Cependant, Squire et Zola (1998) qui défendent une vision unitaire de la mémoire déclarative (voir partie suivante) avancent que les troubles des adolescents de Vargha-Khadem et coll.

(1997) ne concernent pas toute la mémoire épisodique et que leur mémoire sémantique n’est pas entièrement préservée. Plus récemment, une étude de deux patients présentant une large atteinte du LTI a montré que ceux-ci pouvait acquérir des connaissances sémantiques sous une forme appauvrie, dépendant non plus du LTI mais du néocortex temporal (Bayley et al., 2008a).

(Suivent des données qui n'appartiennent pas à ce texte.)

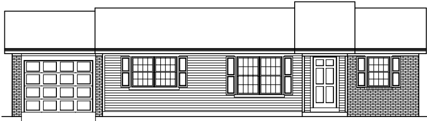
FRONT ELEVATION - C - 0118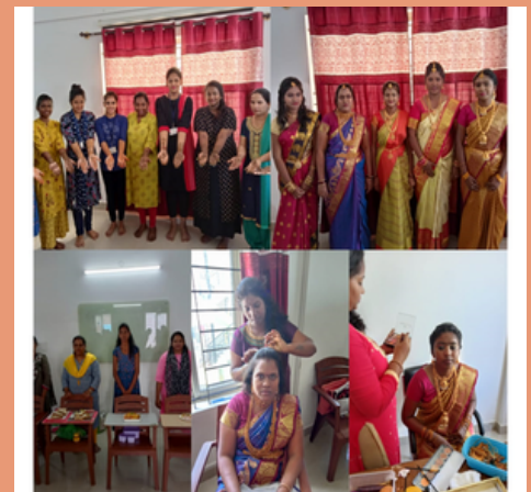
Talent's day celebration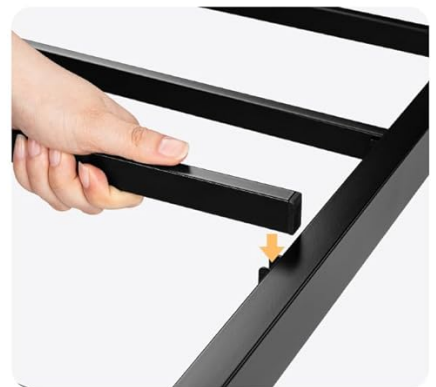
Easy Assemble Slats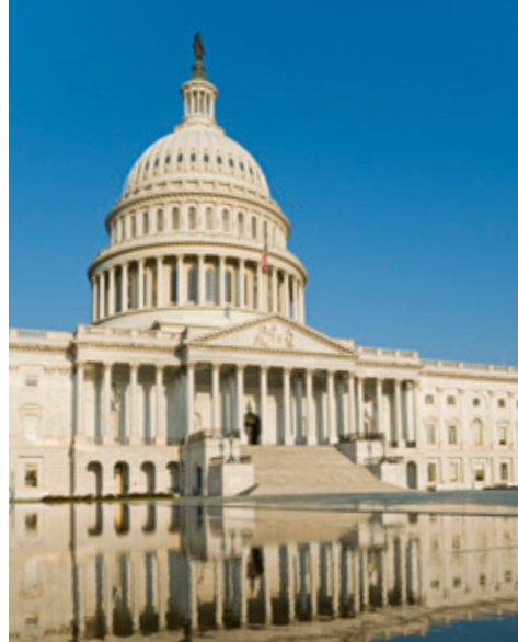
WILL WASHINGTON'S PRESSURE CHANGE IRAN'S CALCULATIONS?

On the other side, Washington and Brussels believe that increased pressure will change Iran's strategic calculations and compel it to compromise. Analysts describe the situation as a game of pressure versus endurance, with occasional outbursts such as the recent hiccup in Iran-UK relations.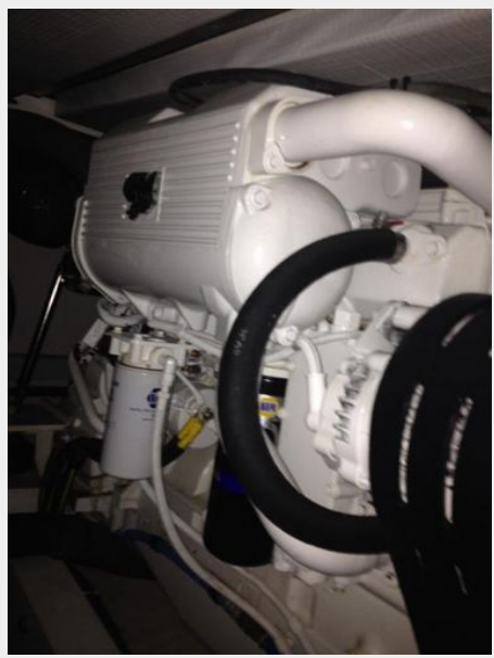
Engine & Mechanical Equipment 4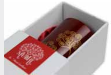
ALLVAZE - LOVE Mubhi Lifestyle Pvt. Ltd.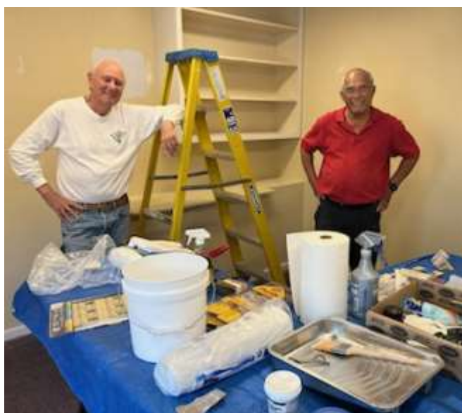
Servant leaders — joyfully answering God’s call and through God’s grace, supporting our pastor and congregation in so many ways.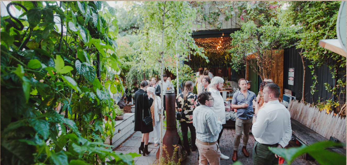
Shady and cool in summer, warm and cosy in winter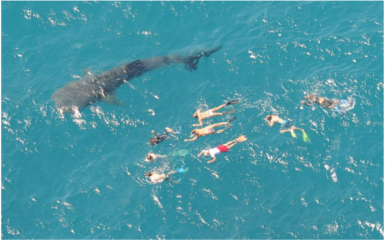
Whale Sharks in Ningaloo Reef, Western Australia.

La deuxième prédiction est elle aussi mise en difficulté, face aux données de patients présentant le syndrome dit de démence sémantique. Cette maladie neurodégénérative, consiste en une dégénérescence corticale progressive débutant par le pôle temporal et se caractérise principalement par un trouble isolé et progressif de la mémoire sémantique. Toutefois, contrairement à ce que prédirait le modèle SPI, ces patients présentent la possibilité d’acquérir des éléments de souvenirs épisodiques (Graham et al., 2000 ; Simons et al., 2001).

Enfin, la troisième prédiction est bien corroborée par le stade précoce de la démence sémantique dans lequel un trouble de la récupération en mémoire sémantique est observé, en même temps qu’une préservation relative de la mémoire épisodique (Piolino et al., 2003 ; Matuszewski et al., 2009). Cependant, elle est discutée par Squire et coll. (voir plus loin).

Le modèle SPI de Tulving, décrit par lui-même plutôt comme une proposition d’organisation de la mémoire, présente ainsi de nombreuses limites, que les différents modèles proposés par la suite tentent de dépasser.